The House That Jack Built (Lars von Trier, Dinamarca, Alemanha, França, Suécia, 2018) -- cin. Manuel Alberto Claro

Um dos trechos mais famosos da Divina Comédia aparentemente abala a noção de imutabilidade daquilo que é perfeito. E nos remete mesmo ao contrário: "tanto mais algo é perfeito, mais sente prazer e dor". O problema é que isso obedece a uma lógica cristã e estranha, que subverte a lógica convencional, e só pode ser entendida dentro de uma perspectiva infernal.

O diabo e o inferno estão na moda. E não só nos filmes. Glass e The House That Jack Built os põem em proscênio. E o fato de um blockbuster e um filme de arte estarem ao mesmo tempo ocupados com motivos infernais passa recibo do que ocorre para além das salas de exibição ou das telas planas diante dos divãs, projetando conteúdos de Netflix.

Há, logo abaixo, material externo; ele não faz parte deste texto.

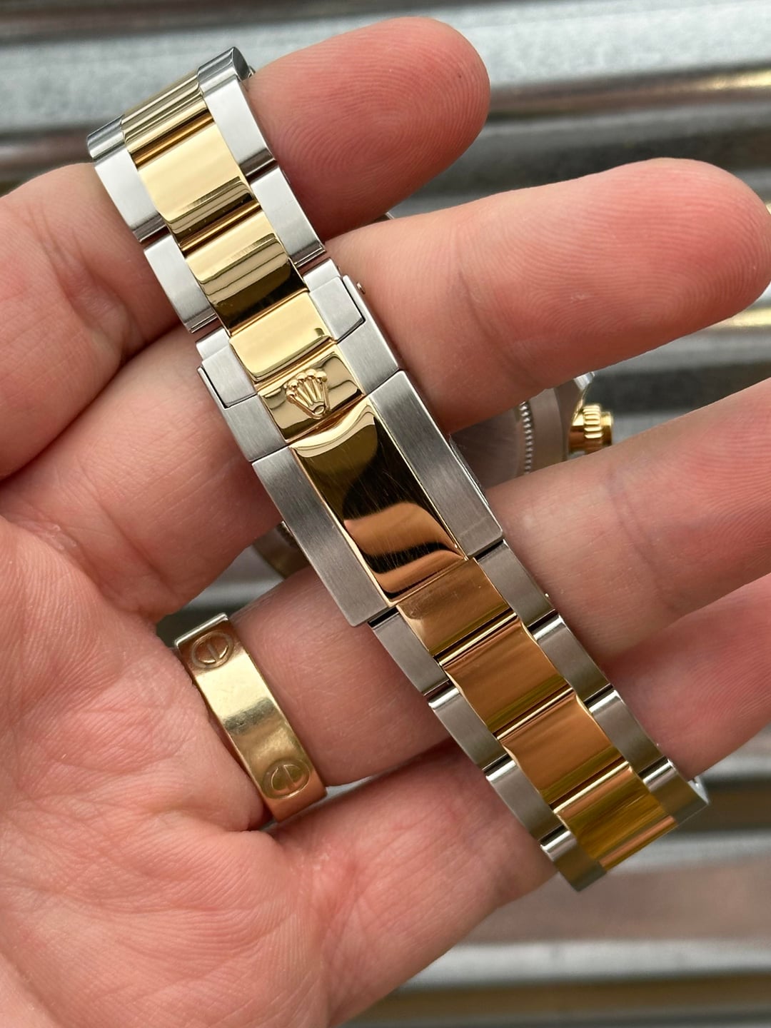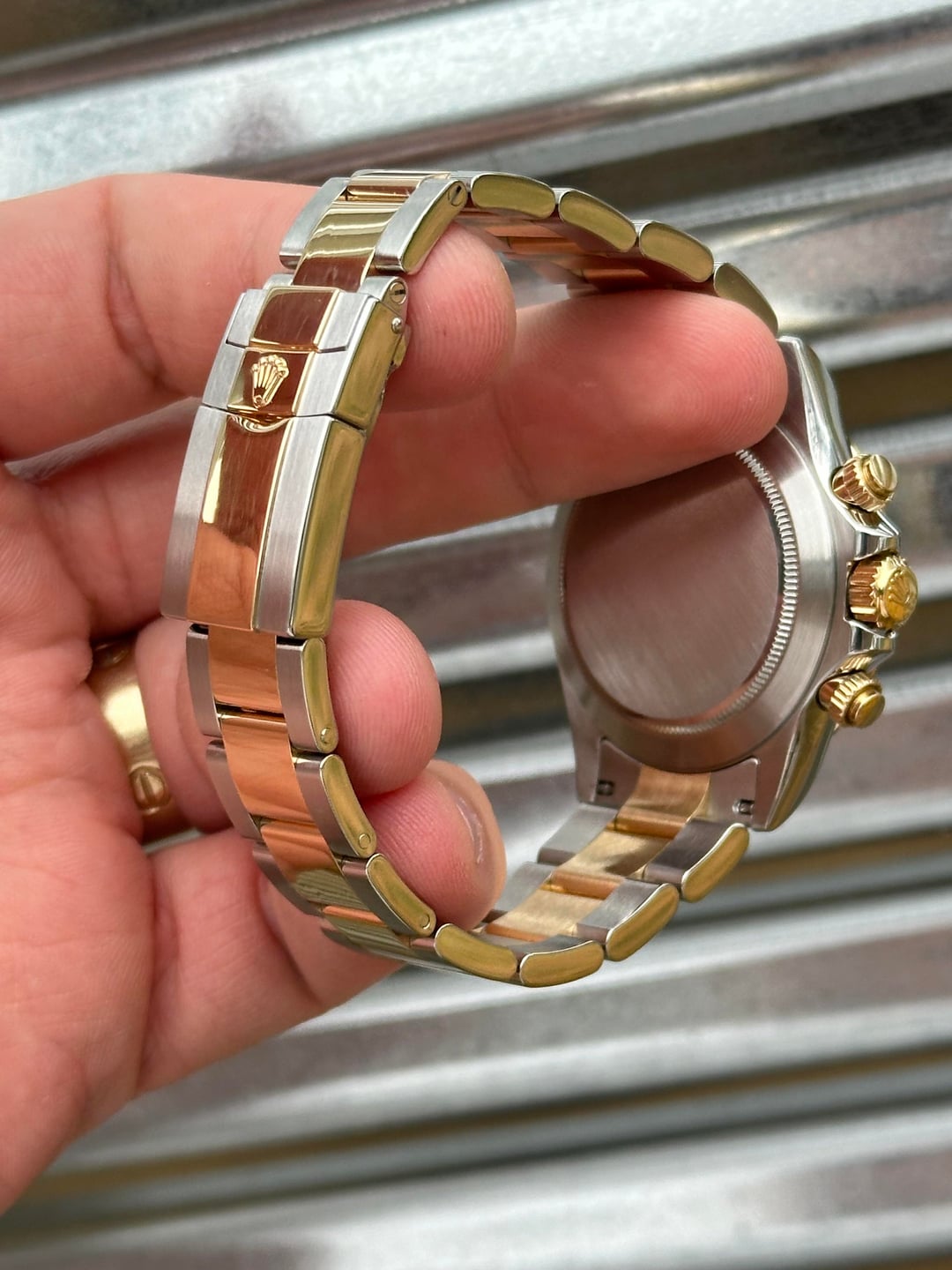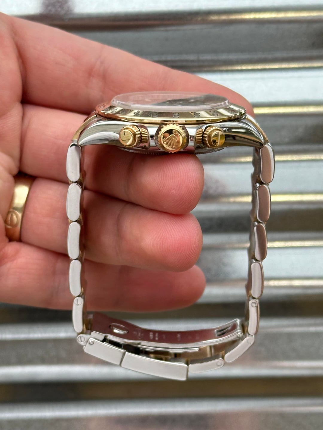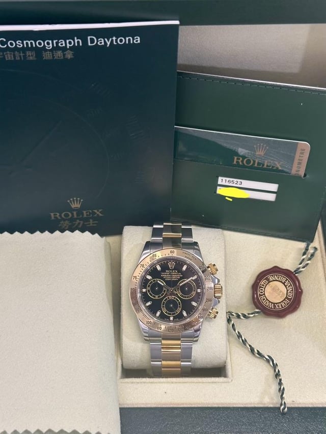 Here is a super clean and crisp two-tone Rolex Daytona from 2008. Full set, black dial, and in excellent shape. What else could you want? Reference number: 116523 Year: June 9th, 2008 ****COMES WITH BOX AND PAPERS**** 💰1️⃣8️⃣,5️⃣0️⃣0️⃣+✈️📦 Overall this watch is in excellent shape. The case is clean all around. Free of any serious dings or dents. Dial and hands are clean with no corrosion. Pushers work perfectly: The bezel is in great shape. No scratches or chips on the crystal. Clean finish on the bracelet links. The gold is clean all around. Tight band also. The coronet on the clasp is thick and well defined. The clasp is also clean as well. Full bracelet with 12 Links on the bracelet. Fits about a 7.75-8” inch wrist. 💰1️⃣8️⃣,5️⃣0️⃣0️⃣+✈️📦 We accept Zelle/Wire. Shipped with fully insured overnight once payment clears, NO EXCEPTIONS. We have plenty of references across different platforms. Follow us on IG for more deals: @215watches [photo album](https://imgur.com/a/6dFUhco) [time stamp](https://imgur.com/a/XV2J5xI)
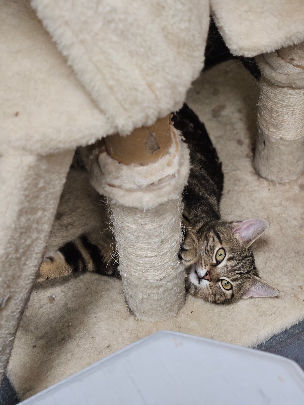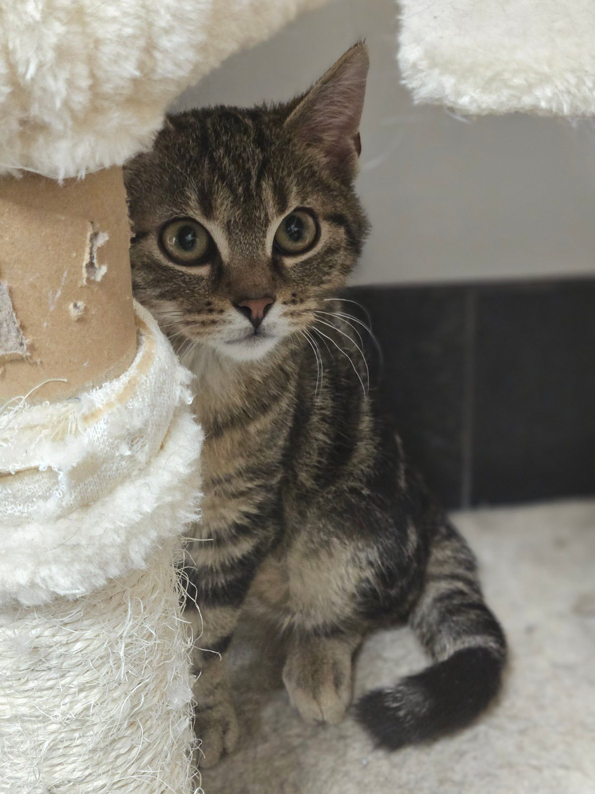 Babaloo aktualnie częściej obserwuje nas z ukrycia niż spędza z nami czas. Jednak pozwala się dotykać, tylko po prostu jeszcze boi się ludzkiej ręki. Już powoli budujemy jego pozytywne skojarzenia, próbujemy się z nim bawić, maluch już nawet polubił sosiki. To młody kot, więc z pewnością w nowym domu bardzo szybko się przełamie. Będzie potrzebował tylko chwili cierpliwości.
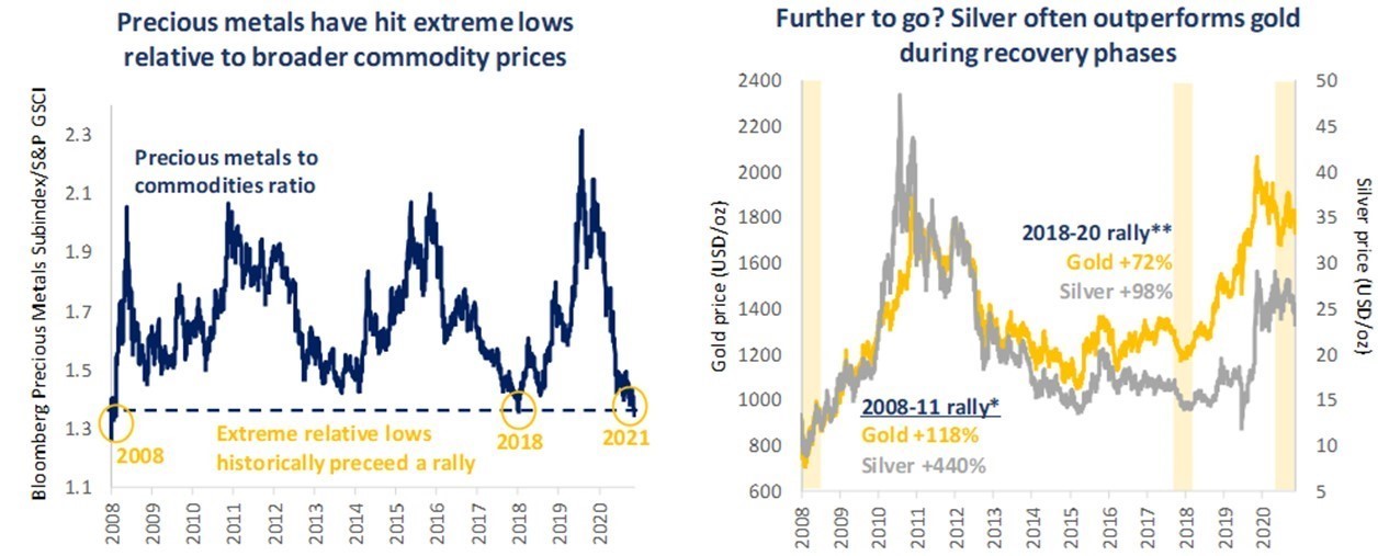 Recent weeks have highlighted the volatility which can face the precious metals sector as investors mull the prospects for higher rates, however in our view nothing has changed with regard to the bullish outlook for precious metals. Persistent low real rates, vast stimulus, debt expansion, along with a rapid expansion of money supply, indicate monetary debasement will continue, strongly favouring hard assets such as precious metals. Importantly, the precious metals sector has not yet reacted to the implications of persistent higher inflation, but as evidence of further inflationary pressure grows, we expect this to benefit silver and gold, as it has done historically.
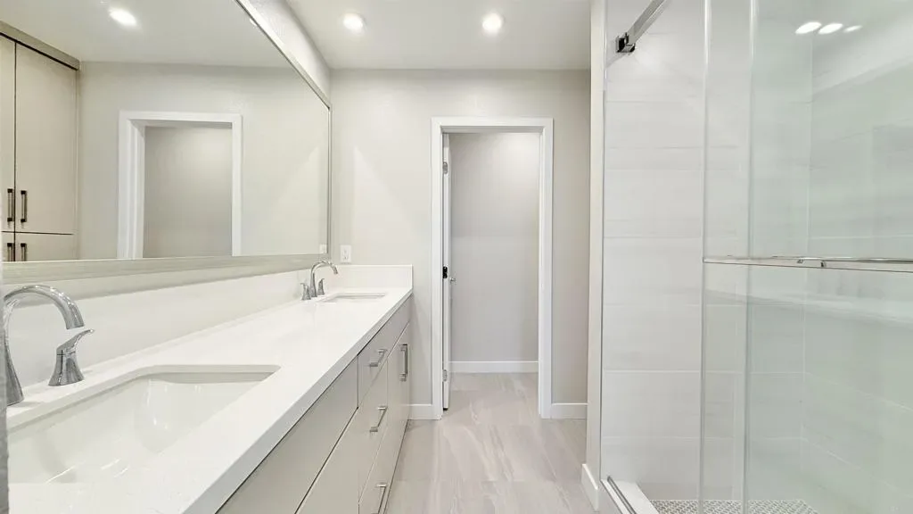LUXURY + OPEN FLOOR PLAN + INDOOR OUTDOOR LIVING + DESIGNER UPGRADES. PRIME LOCATION – Beautiful brand new construction 3-story townhome in the newly built Mira Vista community. – Minutes to Mission Bay, Pacific Beach, La Jolla, Downtown and the airport. – Exceptional home design with thoughtful layout. – Entry level offers a private bedroom suite, ideal for guests or extended family. – Main level features open modern living space with covered balcony. – First-floor outdoor patio, perfect for relaxing, entertaining and enjoying the coastal breeze. – Great room and covered balcony create seamless indoor and outdoor living. – Large open kitchen with large center island, connected to casual dining area. – Kitchen features stainless steel appliances, designer cabinets, quartz countertops in kitchen and bathrooms, and stylish kitchen backsplash. – Upgraded vinyl flooring on main level, upgraded tile and plush carpet. – Electrical and low-voltage upgrade packages included.
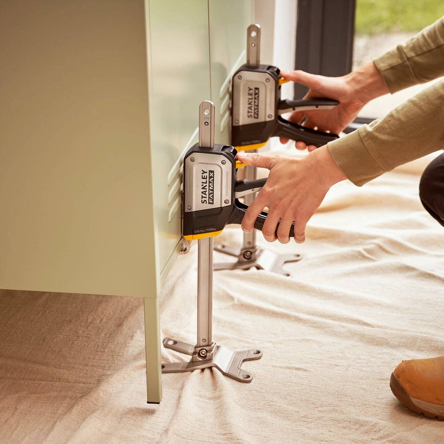 There Pair of Lifters Stanley TradeLift It is the ideal ally for anyone working in the assembly and installation sector, ensuring maximum stability and support for lifting heavy and bulky materials.
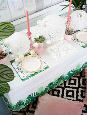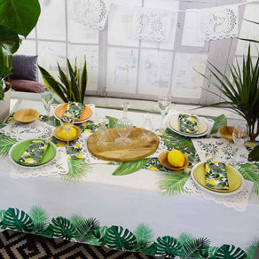 This beautifully crafted tropical table cover is ideal for summer parties, outdoor occasions, BBQ's, and many more! Both product and packaging are plastic free and can be recycled in your home recycling.
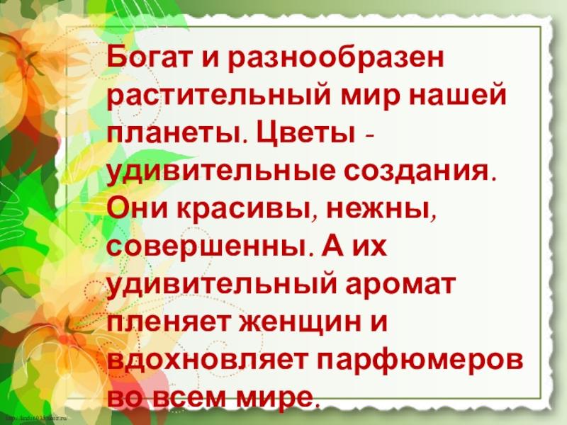 Слайд 3Богат и разнообразен растительный мир нашей планеты. Цветы -удивительные создания. Они
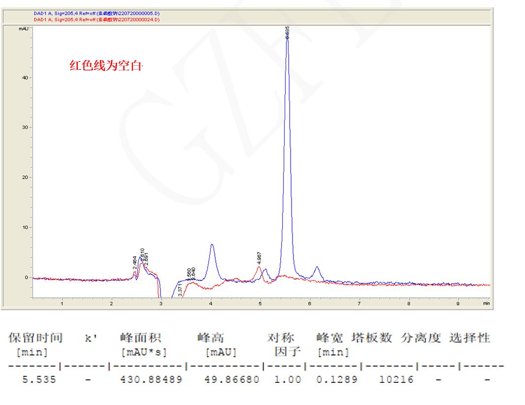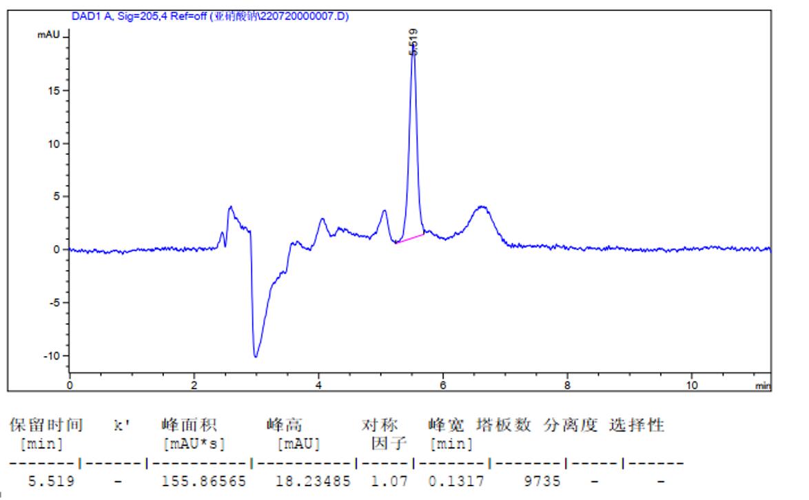 Comixsil RP-AX 在 HPLC+UV 體系,可以輕松分析亞硝根限度至 1ug/ml。根據(jù)結(jié)果,獲得極佳峰形與很好柱效,實際限度可以更低(因?qū)嶋H需求未再考察)。(案例中雜峰因樣品純度引起)。
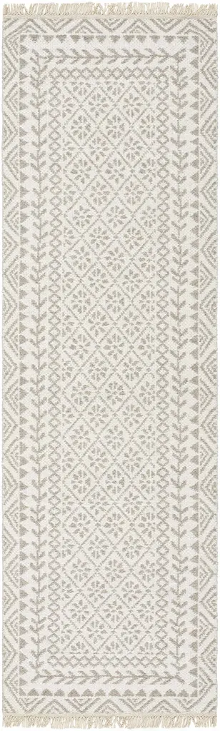 Collection: Albus Colors: Light Brown, Gray, Medium Brown Construction: Hand Woven Material: 100% Wool Pile: No Pile Styles: Transitional,Bohemian Made In: India Thickness: 0.4" Fringe Length: 2" Price Range: $$$$$ (Affordable)
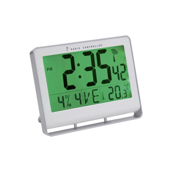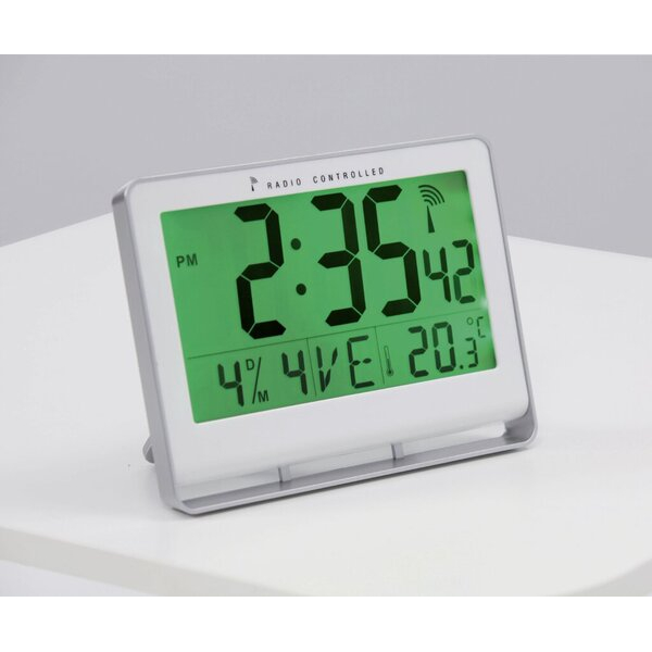 Die Uhr ist einfach umschaltbar auf 12- oder 24 Stunden und bietet zusätzlich praktische Funktionen wie Datums-, Temperatur- und Wochenanzeige in 5 verschiedenen Sprachen. Sie können die Uhr entweder an der Wand befestigen oder bequem auf den Tisch stellen.
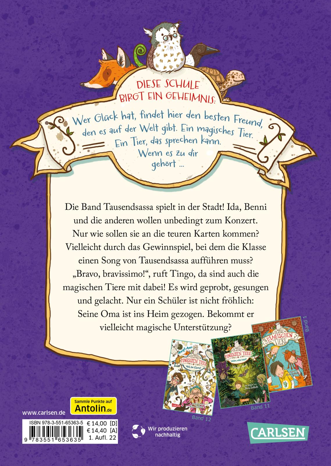 BAND 13: Es ist einiges los in der Wintersteinschule: Die Band Tausendsassa gibt ein Konzert in der Stadt! Es ist ja wohl klar, dass Ida, Benni und die anderen unbedingt dabei sein wollen. Aber wie sollen sie an die teuren Karten kommen? Die Freunde schmieden wilde Pläne: Vielleicht können sie die Karten gewinnen? Es gibt einen Wettbewerb, bei dem die Klasse einen Song von Tausendsassa aufführen muss. "Bravo, bravissimo!", ruft Tingo, da sind die magischen Tiere mit dabei! Es wird geprobt, gesungen und gelacht. Nur ein Schüler ist nicht fröhlich: Seine Oma ist ins Heim gezogen. Bekommt er vielleicht magische Unterstützung?
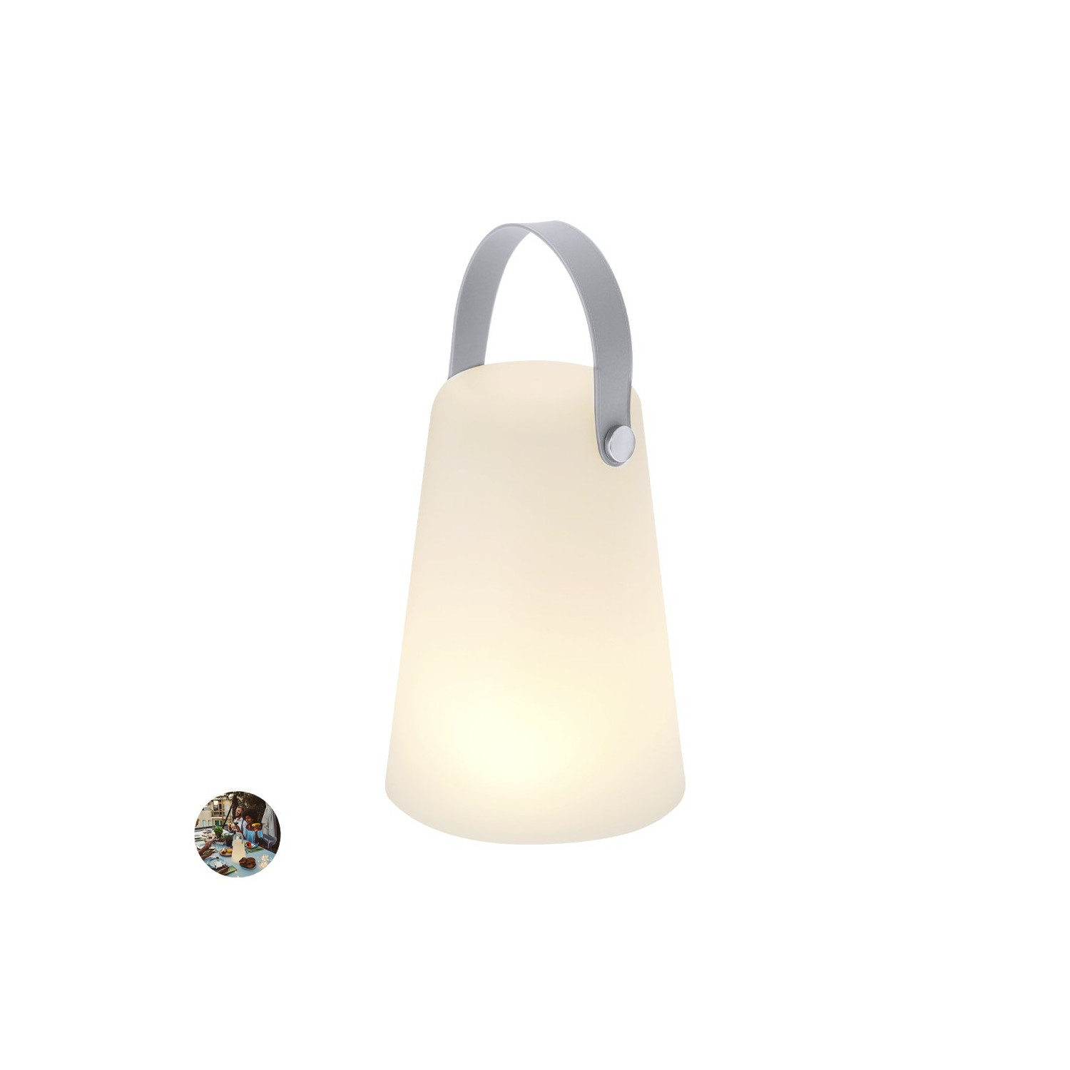 Lampada in PE di colore bianco. Include una maniglia superiore in morbida silicone grigio, che facilita il trasporto e aggiunge un tocco moderno al design. Equipaggiata con 4 LED, fornisce una luce uniforme ed efficiente, sia per interni che per esterni. Funziona con 3 batterie AA (non incluse). Dispone di un pulsante di accensione/spegnimento.
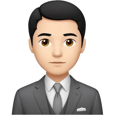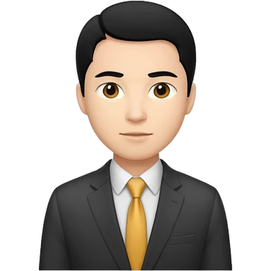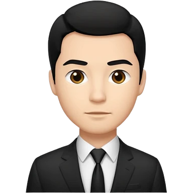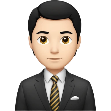 Japanese business man with light skin tone and black hair, wearing black suit emoji

Isso não é de todo ruim. Pois, entre outras coisas, implica que o Ocidente pensa sobre si. E recicla substratos culturais importantes e não exatamente pelo veio do exótico. Um filme que toma como pontos de partida Dante, Bach e Goethe não deixa de estar cismando com Ocidente. Ainda que aparentemente refrate esse composto para um perfil de indivíduo que deixa de ser crível e específico exatamente na medida em que é entrevisto como uma espécie de convergência dessas belas ideias. Ou da negação delas. Quer dizer, a ilustração desses ideais degradando-se, na prática.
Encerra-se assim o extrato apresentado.